Southern District Football Association
- Sport: Australian rules football
- Founded: 1924
- First season: 1924
- Folded: 1970
- No. of teams: 4 (1970), 24 (historical)
- Country: Australia
- Last champion: Bothwell (1970)
- Most titles: Bothwell (12)
- Related competitions: South East District FA

= Southern Districts Football Association =

Australian rules football league

The Southern Districts Football Association was an Australian rules football competition based in southern Tasmania.

== History ==
The competition began as the Glenorchy Suburban Football Association, founded in 1924. In its early years the competition catered to clubs located in Glenorchy and the surrounding Hobart suburbs, with teams including Claremont, Moonah, Montrose, Derwent Rovers, Lenah Valley and Glenorchy Flyers participating. The competition underwent a shift from a suburban association to a district-based system in the early 1930s as many of the suburban clubs departed and strong regional clubs such as Bridgewater and Bellerive were admitted. After New Norfolk were admitted in 1934 the competition was renamed the Southern Districts Football Association. Glenorchy dominated the 1930s, winning 5 premierships, but left the association for a year in 1938 as the club felt it was being unfairly treated at committee meetings. The SDFA went into recess in 1941 due to WWII.

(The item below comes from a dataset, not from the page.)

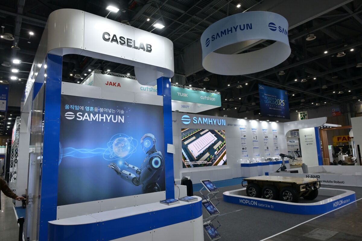 모션 컨트롤 기업 삼현이 11월 5일 경기 일산 킨텍스에서 열린 ‘2025 로보월드’ 행사장에 설치한 부스. 삼현 제공
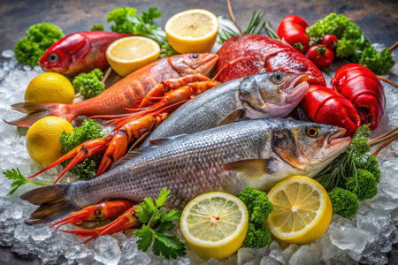 Abundance of fresh seafood, healthy gourmet meal generated by artificial intelligence

The competition re-formed in 1945 with 3 clubs - Bridgewater, Bellerive and New Norfolk. 1946 saw Bothwell join for the first time and Bellerive change its name to Clarence. Both Clarence and New Norfolk accepted invitations to join the Tasmanian Football League in 1947 and were replaced with Glenorchy and Bagdad-Mangalore Rovers. Bothwell won 6 premierships in 7 years between 1947 and 1953. After the competition was reduced to 3 clubs before the 1953 season following the departure of Upper Derwent three new clubs were admitted to bolster numbers - Forcett and South Hobart from the Clarence Sub-District FA and the newly-formed Brighton club. These three clubs would only participate for a brief period. Forcett left South Hobart went into recess during the 1954 season due to injuries and "other influences", Forcett left for the East Coast Football Association after 1955 and Brighton folded after the 1956 season. Glenorchy also departed after the 1956 season, merging with New Town in order to join the TFL.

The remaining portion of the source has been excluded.